Toen Trade Ledger zijn software als een service begon te ontwikkelen, was het team van Born gefocust op het bouwen en ontwerpen van een systeem dat over een paar jaar niet verouderd zou zijn. Afgezien van de technische keuzes, moest Born overwegen of het hele team onafhankelijk werkte aan elk stuk functionaliteit en hun delen van die repository beheerde en onderhield.
En tot slot, in een zakelijke context, zegt Born dat het belangrijk is om te weten of de functionaliteit modulair is en op verschillende gebieden kan worden gebruikt.
“Soms is het meer een kunst dan een wetenschap. Maar het was zeker een uitdaging om die componenten in de juiste context op te splitsen”, zegt hij.
De uitdagingen van het bouwen van modulaire functies en het adopteren van een microservices-architectuur
Er waren meerdere uitdagingen bij de aanpak van het adopteren van een microservices-architectuur.
Voor organisaties die een soortgelijk systeem bouwen, zegt Born dat het belangrijk is om uit te zoeken of bepaalde delen van het systeem veel worden gebruikt en deze te ontkoppelen, zodat de functie vervolgens onafhankelijk kan worden geschaald.
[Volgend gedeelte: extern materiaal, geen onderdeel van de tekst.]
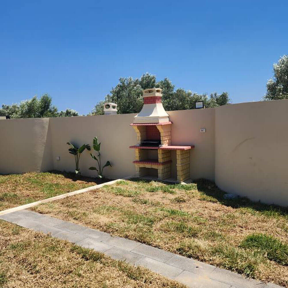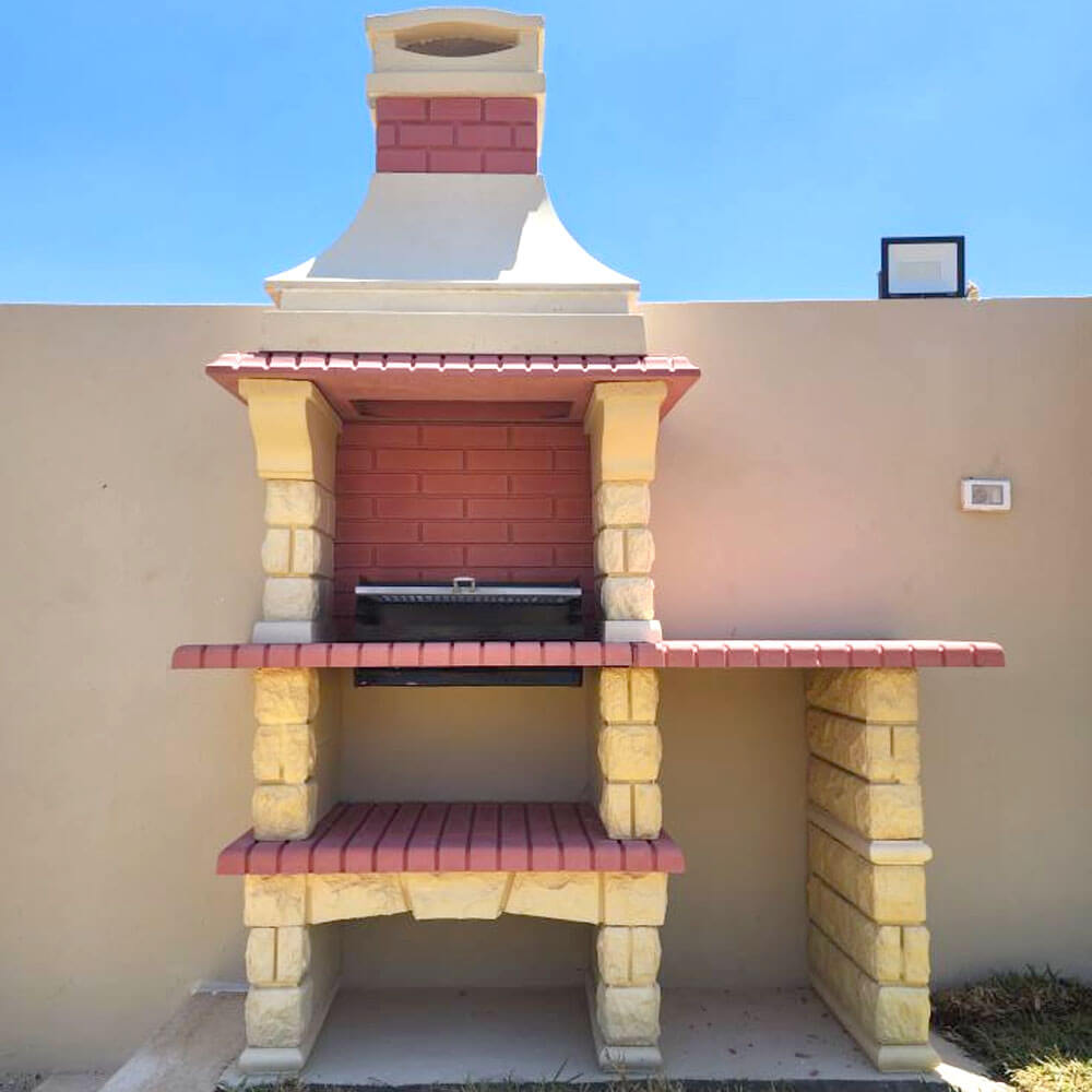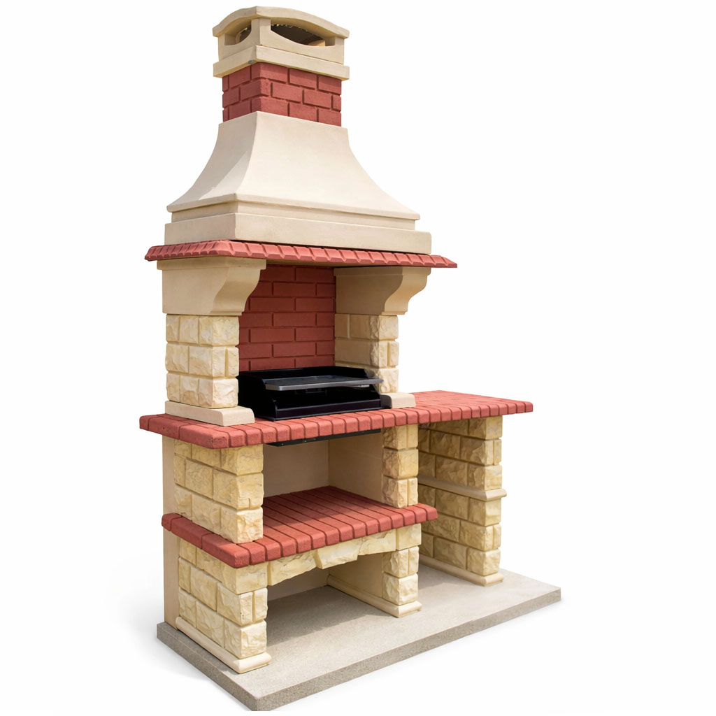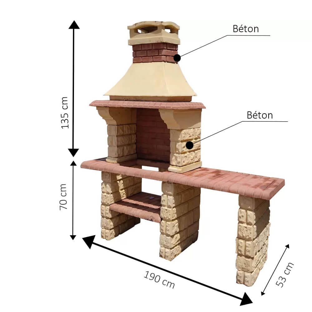 Barbecue en béton avec plan de travail – Réf : BBP10- se modèle de barbecue fixe est en béton avec Hôte – pack grill encastré en acier – plan de travail – dimension : 195 x 53 x 205 cm

Een technische uitdaging was dat veel van de technici van Trade Ledger meer vertrouwd waren met traditionele SQL, traditionele relationele databases en een traditionele manier om gegevensmodellen te construeren. “Dat samenvoegen in de documentgeoriënteerde database is zeker een andere manier van denken, maar desalniettemin was de documentgeoriënteerde database het juiste model voor ons”, zegt Born.
Een andere uitdaging was een vroege beslissing om het systeem monolithisch te bouwen. De eerste versie van Trade Ledger die in 2017 op de markt kwam, werd gebouwd door een team van drie ingenieurs, ondanks dat het een groter en complexer systeem was dan wat nu bestaat. Die monolithische benadering maakte het moeilijk om het platform te ontwikkelen, dus Trade Ledger moest overschakelen naar een modulaire, componentbenadering.
Als gevolg hiervan moesten ze de componenten van de modules in de volgende iteratie opsplitsen in afzonderlijke componenten. Om dat te doen, koos Trade Ledger voor een gefaseerde aanpak door bepaalde delen van het systeem te herstructureren en speciale componenten te creëren.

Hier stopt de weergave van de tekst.